Гибель всерьез - [10]

Шрифт
Интервал

Омела поет — и я лишаюсь воли, я весь — покорство… Она поет — и я заслушиваюсь до смерти. Когда же пение смолкает, я не могу сказать, как долго оно длилось: всю жизнь или краткий, как удар кинжала, миг. Бушующее пламя, разлитый аромат духов, невыразимое, утраченное и оттого еще более сладкое счастье; бесконечное, потаенное и оттого еще более глубокое отчаяние. Нет, все не то. Ночная женская душа, вечная, трепетная женственность — вот что такое пение Омелы. И вдруг все обрывается, как боль, — и пустота, какая остается, когда внезапно отпускает боль; мучительное чувство отсутствия привычной муки — и я готов разрыдаться, оттого что больше не слышу рыдающих звуков. Тишина обрушивается на меня, как жуть в лесной чаще.

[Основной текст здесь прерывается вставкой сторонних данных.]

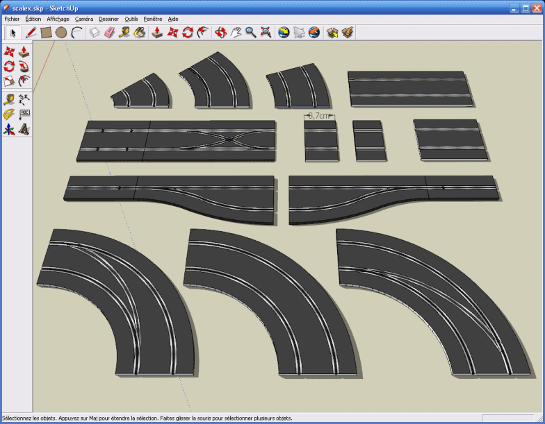 moi aussi j'ai essayé sketchup pour modéliser mon futur circuit mais n'étant vraiment pas doué j'ai du abandonner ce serais sympa de poster tes modeles de rails pour que nous puissions les utiliser

Когда она поет, я неистово люблю ее душу. О, этого не объяснить. Порою страсть достигает пароксизма, и я бледнею — это ясно без всякого зеркала. Отливает кровь, что струится под прозрачной кожей голоса. Но что я говорю? Какой безумный бред! А впрочем — не умопомраченье ли любовь? Еще одна особенность Омелы: она способна оживлять не только музыку, но и слова, которые поет. Причем ее искусство достигает высоты, когда слова возвышенно просты. Ничто так не чуждо ей, как рассчитанный эффект, когда публика заведомо знает, чему и когда аплодировать. Неподдельная красота, естественно звучащая в ее голосе, изумляет слушателей так, что они вообще не смеют аплодировать, страшась прервать ее, и не нарушают тишину даже тогда, когда Омела смолкла.

Омела спрашивает меня, как мне понравилось ее пение, я не нахожу ни слова в ответ, и на глаза у нее наворачиваются слезы. В ужасе от своей тупости, я заставляю себя говорить, говорю, говорю и вижу, что она мне не верит. И тогда понимаю, что лучше бы я молчал, что слушать и слышать надо было ее, певицу, а не безликую стихию пения…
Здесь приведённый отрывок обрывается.